Bug #57195
closedterminate called after throwing an instance of 'std::bad_variant_access'
0%
Description
rgw crashes on startup in a lot of centos8 jobs: http://qa-proxy.ceph.com/teuthology/cbodley-2022-08-18_23:33:15-rgw-wip-cbodley-testing-distro-default-smithi/6979615/teuthology.log
terminate called after throwing an instance of 'std::bad_variant_access' what(): std::get: wrong index for variant *** Caught signal (Aborted) ** in thread ee24540 thread_name:memcheck-amd64- ceph version 17.0.0-14379-ga8b84acb (a8b84acb87be6574934d5b5cc860020487d73e7a) quincy (dev) 1: /lib64/libpthread.so.0(+0x12ce0) [0x8de2ce0] 2: gsignal() 3: abort() 4: /lib64/libstdc++.so.6(+0x9009b) [0x962209b] 5: /lib64/libstdc++.so.6(+0x9653c) [0x962853c] 6: /lib64/libstdc++.so.6(+0x96597) [0x9628597] 7: /lib64/libstdc++.so.6(+0x967f8) [0x96287f8] 8: (std::__throw_bad_variant_access(bool)+0) [0x610506] 9: (void boost::throw_exception<boost::bad_function_call>(boost::bad_function_call const&)+0) [0x61052a] 10: radosgw(+0x55bd19) [0x663d19] 11: main() 12: __libc_start_main() 13: _start()

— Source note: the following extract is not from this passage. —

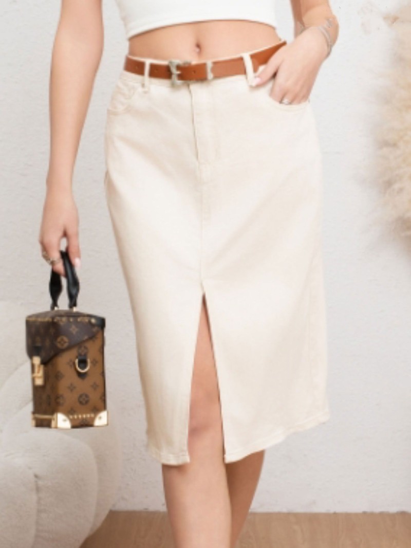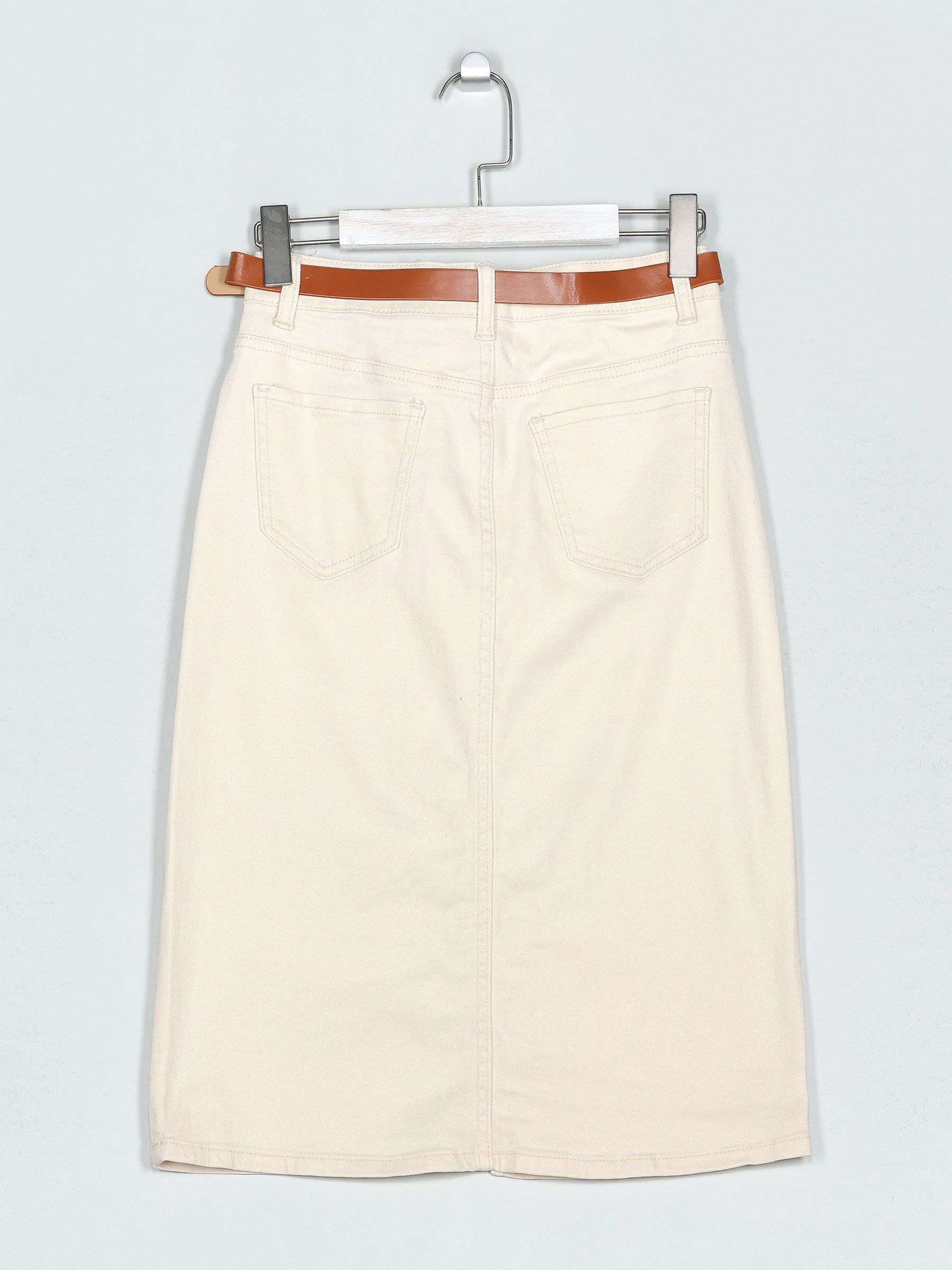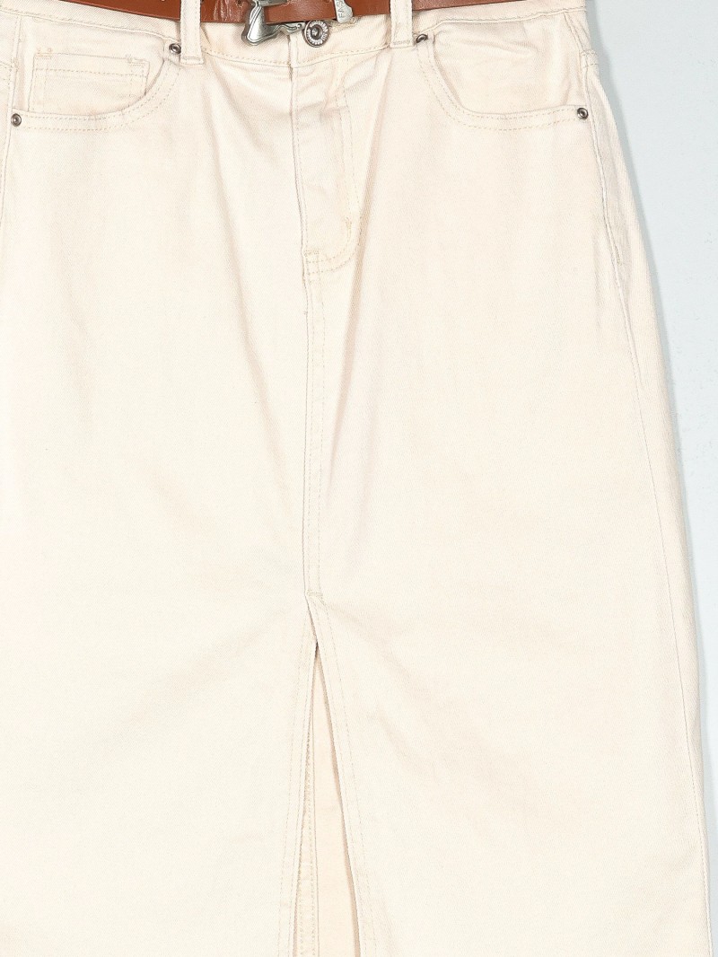 Falda denim midi cinturón beis (36-46)

first saw on august 5th in https://tracker.ceph.com/issues/57050#note-2
frames 8 and 9 show two different exceptions being thrown. in that other tracker issue, the exceptions were:
8: (std::__throw_bad_variant_access(bool)+0) [0x7f4c203a6020] 9: (void boost::throw_exception<boost::gregorian::bad_day_of_month>(boost::gregorian::bad_day_of_month const&)+0) [0x7f4c203a6044
Updated by Casey Bodley over 1 year ago
tried but was unable to reproduce in a centos stream 8 vm with the following cmake config:
cmake -GNinja -DCMAKE_BUILD_TYPE=Debug -DWITH_MGR=OFF -DWITH_CEPHFS=OFF -DWITH_KRBD=OFF -DWITH_RBD=OFF -DWITH_MGR_DASHBOARD_FRONTEND=OFF -DWITH_RDMA=OFF -DWITH_FUSE=OFF ..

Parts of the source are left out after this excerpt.